Assessment of preclinical sciences
To enhance validity of score interpretations, the Office of Assessment and Evaluation works with faculty to improve their item writing to minimize construct-irrelevant sources of variance. For operational purposes, each test as well as the individual items are analyzed for measurement quality. Item analysis examines individual medical student responses to the test to ensure the quality of scored items and to remove ambiguous, misleading, or miskeyed items. The three science courses are described below.
The anatomy test
Anatomy is offered in the first semester and the current items are drawn from the midterm exams comprising 85 multiple-choice items (MCIs) with a time limit of two hours. Content is drawn from the first half of the semester and focuses on extremities, the back, and the thorax. The content is aligned with the intended learning outcomes described in the syllabus. Out of the 85 items, 49 items that appeared in three exams were analyzed.
The histology test
Similar to Anatomy, Histology is offered in the first semester and the test has 40 MCIs completed over a period of two hours. Content is drawn from the first half of the semester and focuses on epithelia, connective tissue, skin, muscle, nerve, bone, osteogenesis, blood, and the cardiovascular system.
The physiology test
The Physiology course is offered in the second semester and the test has 60 MCIs completed in two hours. The content is drawn from the first half of the semester and focuses on skeletal muscle and cardiovascular physiology including the topics of cardiac action potentials, cardiac conduction systems, cardiac output, cardiac cycle, capillary filtration, regulation of venous return, electrocardiograms, local control and endocrine control of circulation, circulation, blood pressure and exercise, hemodynamics, echocardiography, compliance recoil, surfactant, airway resistance, alveolar ventilation, partial pressure, gas exchange, pulmonary circulation, O2 and CO2 transport, ventilation perfusion matching, pulmonary function testing, neural and chemical regulation of breathing, and pulmonary fibrosis.
Procedures
A careful comparison of the three test item sets over the three years (Fall 2018 - Fall 2020) showed that the item stem and options were identical for each year that they were administered. We employed computer-based testing software for a stable testing environment and all midterm and final exams are administered under standard conditions. The digital platform allows the delivery of secure exams without depending on a constant internet connection. Students must use a unique password to login on the test, which is provided five minutes before the start of the exam. For security purposes, a lockdown browser prevents students from copying, printing, or visiting other applications or websites during the testing session. A typical midterm and final contains 75 items that need to be answered within two hours.
Data Analysis
In addition to overall item analyses, we conducted DIF analyses to determine if test items function equally across student groups. DIF methods rely on statistical significant testing to identify items that function differently across test-taker groups. Specifically, we utilized IRT-based procedures because they have been found to be robust to type I errors (i.e., false positives) using IRTPRO software [33] based on the two-parameter logistic model (2PL Model; item difficulty and item discrimination), and model-data fit was evaluated using the commonly utilized fit indices. In the current study, we conducted DIF using the Wald test with item parameter error variance-covariance matrices computed using the supplemental expectation–maximization (SEM), an algorithm employing an iterative method to find maximum likelihood estimates of parameters in statistical models, where the model depends on unobserved latent variables [34]. To determine anchor items, we utilized the default option in IRTPRO, “Test all items, anchor all items”, which produced three tables: two for item parameters for each group and a third for the initial DIF results. Next, items that were not statistically significant were used as anchors, and we re-ran the analysis using the third option, “Test candidate items, estimate group differences with anchor items”, to identify the final statistically flagged items.

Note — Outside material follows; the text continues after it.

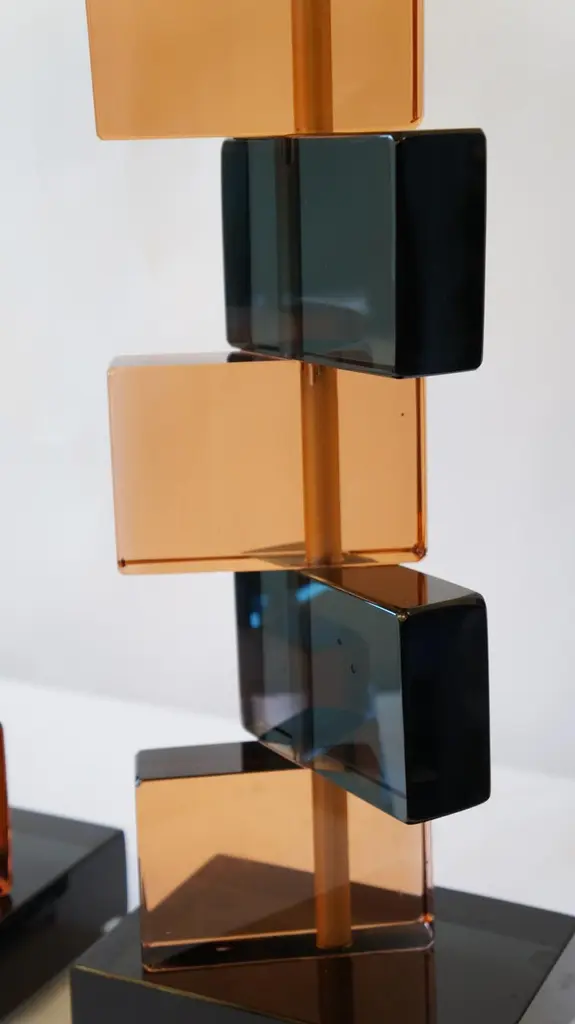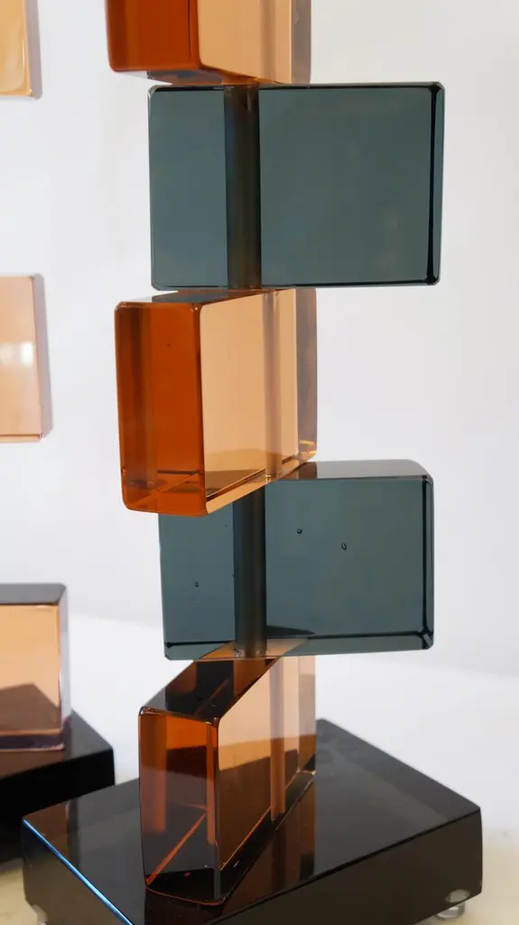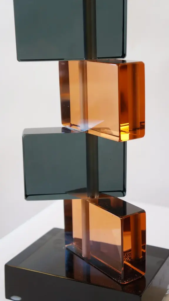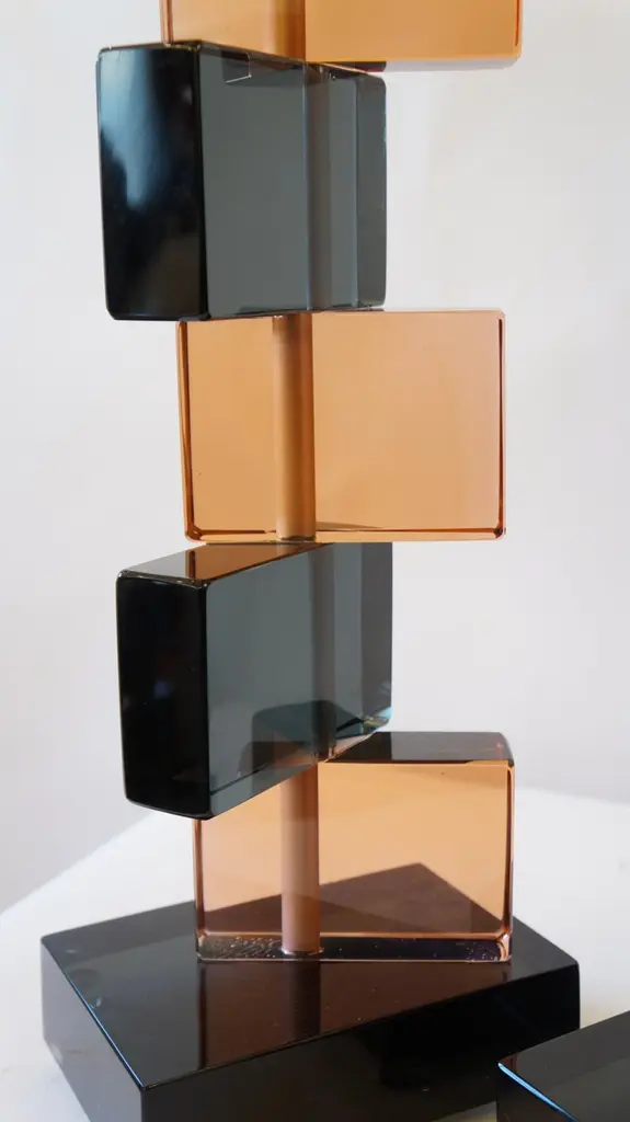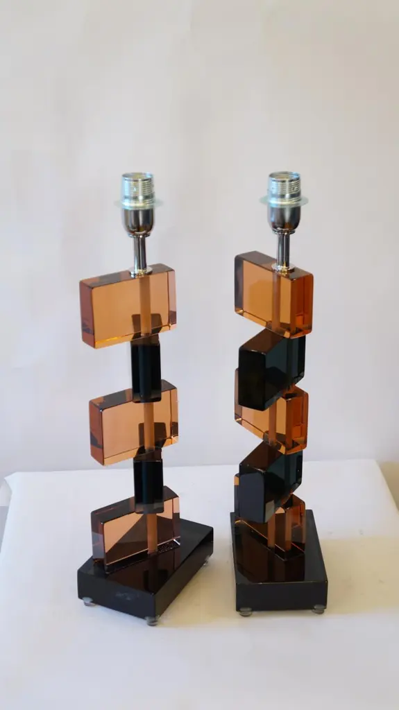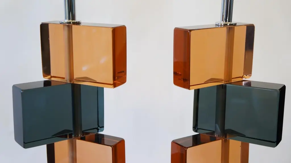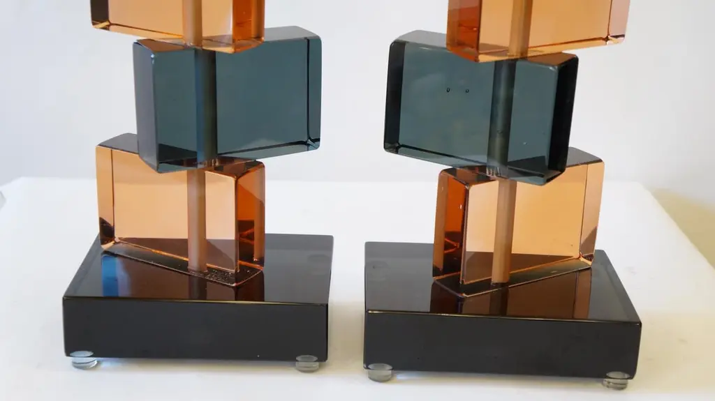 Two Murano glass table lamps by Alberto Donà in 1975.In it we can see simplicity, elegance, linearity. It is, in fact, a simple model, and it is thanks to its colors that its beauty stands out. We note in fact the combination of blue and salmon pink, almost complementary colors, which give a thin layer of extravagance to this lamp. It extends in height up to 54 cm, and rests its "colored blocks" in a rectangular base, 18 cm wide.The products are entirely handmade in style Mid-Century ModernThe price of the item includes professional and tailored packing.Lamps can be rewired for your country code.Engraved signature of the Master Glassmaker!

To statistically flag items, IRTPRO provides three values for the χ2 statistic with their associated degrees of freedom and p values for each item in the test; one for both parameters (a and b, nonuniform DIF), one for the discrimination parameter (a, nonuniform DIF), and the other for the difficulty parameter (b, uniform DIF). To elaborate, uniform DIF occurs when a particular test-taker group (e.g., the reference group) has a higher ability of correctly answering the studied item across the entire ability continuum. Conversely, nonuniform DIF occurs when the probability of correctly answering the items differs across test-taker groups, with one group (usually the focal group) having higher probability at the lower ability continuum, but another group has a greater probability at the higher ability continuum [35].

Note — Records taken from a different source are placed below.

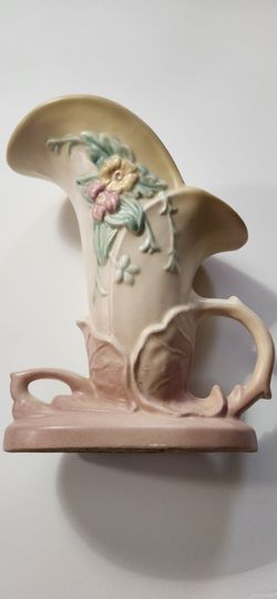VINTAGE HULL ART POTTERY VASE 10-8 1 /2 W/ HANDLES MATTE PINK /Yellow$40Tumwater, WA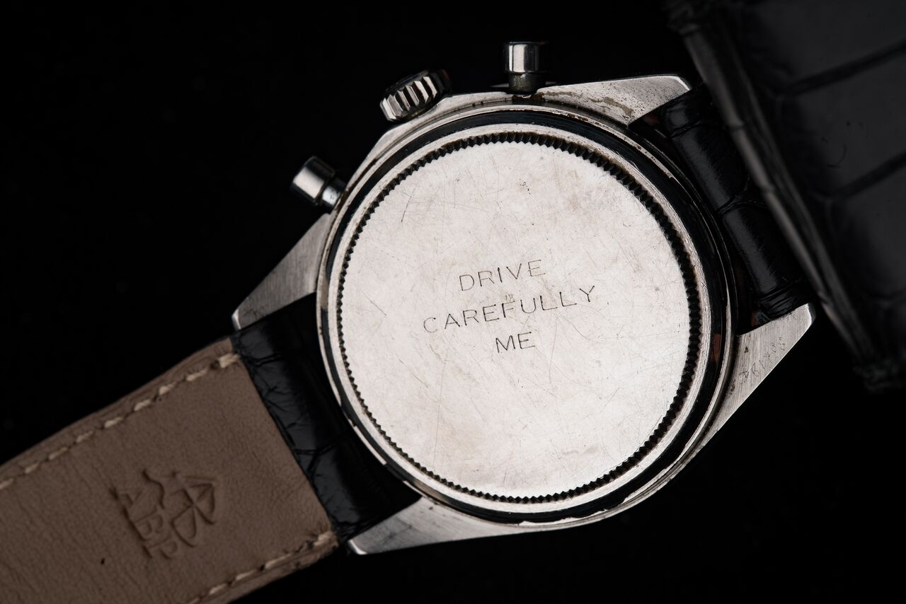 Part of the magic of this watch is that it goes so much further than being a watch owned by a famous actor. The watch was a gift from his wife Joanne Woodward to mark the start of his racing career, and most likely presented to him in 1968 or 1969. This also explains the endearing engraving on the back of the watch which says “Drive carefully me.” Driving Paul Newman did for sure, as he had a very successful, and indeed safe, racing career with finishing third overall and won the GT-class of the 24-hour endurance race at Daytona in 1995, celebrating his 70th birthday only eight days before!
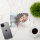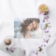 Send your engagement announcements in style with this elegant white photo faux vellum overlay wedding Save the Date, featuring modern hand lettered script typography paired with elegant gold foil serif fonts, as a white overlay over your favourite horizontal (landscape orientation) engagement photo. The back of the invitation features your announcement information. Copyright Anastasia Surridge, all rights reserved.

The null hypothesis tested by the total χ2 statistic is that “both a and b parameters are equal across groups”. It has two degrees of freedom because it is a test statistic for the two parameters: discrimination and difficulty. The null hypothesis tested by the χ2 statistic for the discrimination parameter is that “the a parameter is equal across groups”. It has one degree of freedom because it is a test statistic only for the discrimination parameter. The null hypothesis tested by the χ2 statistic for the difficulty parameter is that “the b parameter is equal across groups”. It has one degree of freedom because it is a test statistic only for the difficulty parameter.
There are three stages to determine which item has a significant DIF: (1) determine if there is significant DIF for discrimination, difficulty or both parameters; (2) determine if discrimination only is significant which means the item discriminates differently across the latent trait or has nonuniform DIF; and (3) determine if only the difficulty parameter is significant suggesting the item has uniform DIF. There is also a special type of nonuniform DIF when both the difficulty and discrimination parameters are significant. The significance level, adopted in the current study to flag items, is p < .05, which is commonly utilized in the DIF literature. We opted for that liberal significance threshold for not missing items that are likely to possess DIF. Additionally, for DIF analyses, the cost of Type II error (i.e., classifying items that function differently as DIF-free) is more than that of Type I error (i.e., classifying a DIF-free item as possessing DIF). The former causes fairness issues for the focal group, while the latter adds additional effort in the sensitivity analyses.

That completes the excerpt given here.